• **What the task asks**
Nothing in the listing should be altered when it is copied, and no picture goes into the copy.

START Data section

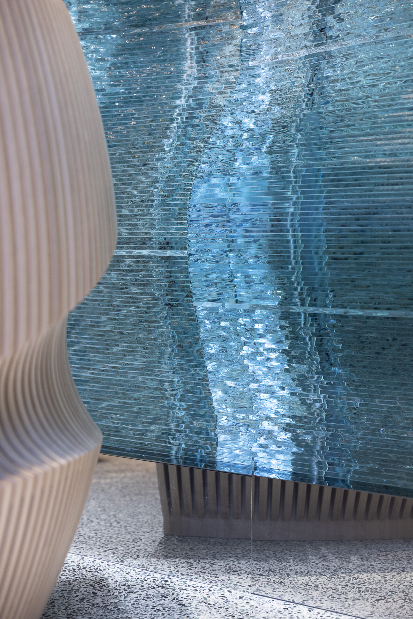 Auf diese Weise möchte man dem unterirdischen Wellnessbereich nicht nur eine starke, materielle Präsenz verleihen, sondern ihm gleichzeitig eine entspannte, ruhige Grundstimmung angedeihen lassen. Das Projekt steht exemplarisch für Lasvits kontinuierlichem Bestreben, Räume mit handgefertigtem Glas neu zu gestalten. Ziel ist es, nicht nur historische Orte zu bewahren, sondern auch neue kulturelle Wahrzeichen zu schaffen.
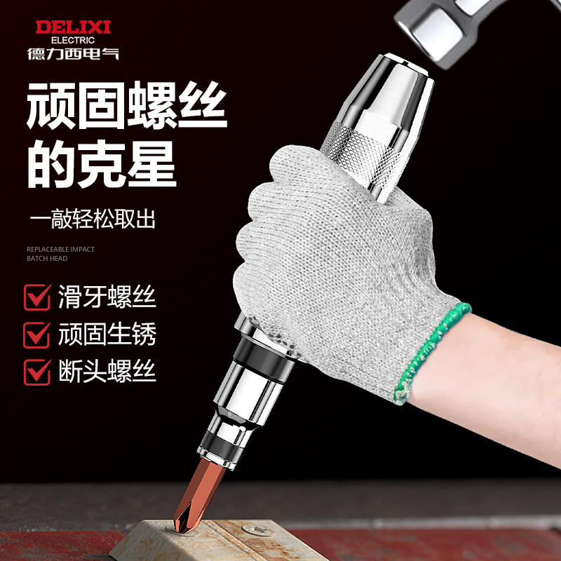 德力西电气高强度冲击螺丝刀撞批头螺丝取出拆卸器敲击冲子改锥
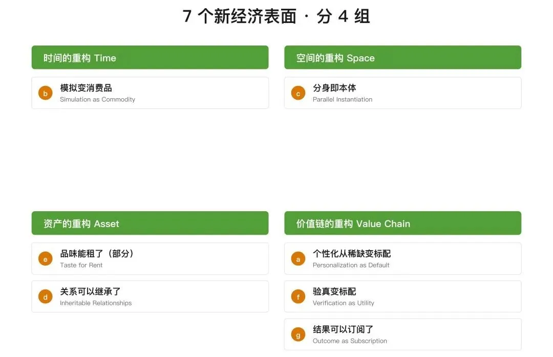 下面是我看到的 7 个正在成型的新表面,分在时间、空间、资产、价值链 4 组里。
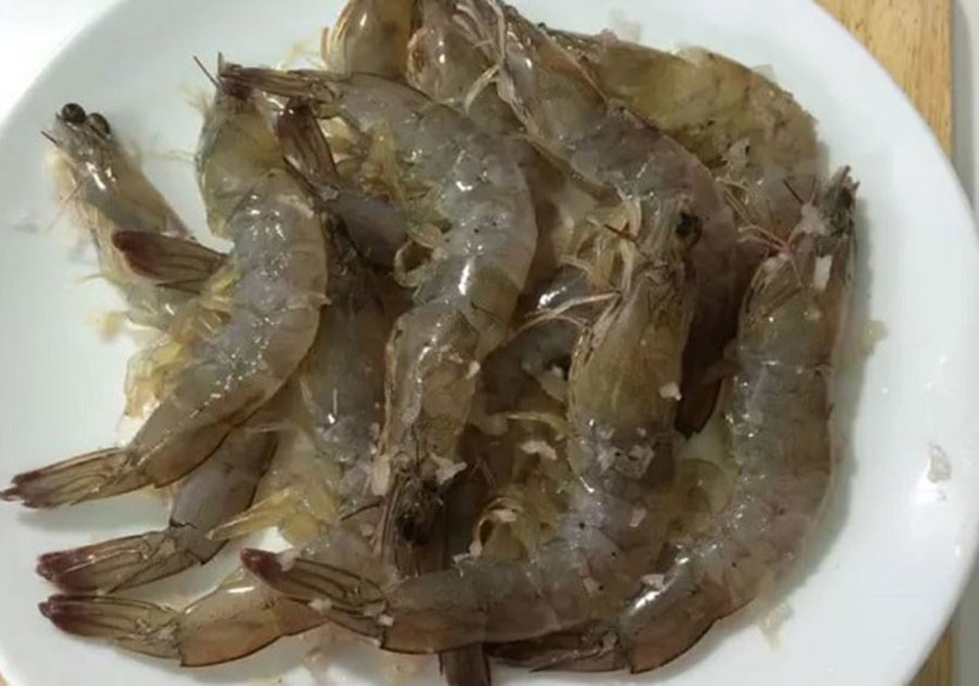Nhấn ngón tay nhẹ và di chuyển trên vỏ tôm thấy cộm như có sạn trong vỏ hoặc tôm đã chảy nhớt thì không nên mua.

END Data section

• **Response**
 Auf diese Weise möchte man dem unterirdischen Wellnessbereich nicht nur eine starke, materielle Präsenz verleihen, sondern ihm gleichzeitig eine entspannte, ruhige Grundstimmung angedeihen lassen. Das Projekt steht exemplarisch für Lasvits kontinuierlichem Bestreben, Räume mit handgefertigtem Glas neu zu gestalten. Ziel ist es, nicht nur historische Orte zu bewahren, sondern auch neue kulturelle Wahrzeichen zu schaffen.
 德力西电气高强度冲击螺丝刀撞批头螺丝取出拆卸器敲击冲子改锥
 下面是我看到的 7 个正在成型的新表面,分在时间、空间、资产、价值链 4 组里。
Nhấn ngón tay nhẹ và di chuyển trên vỏ tôm thấy cộm như có sạn trong vỏ hoặc tôm đã chảy nhớt thì không nên mua.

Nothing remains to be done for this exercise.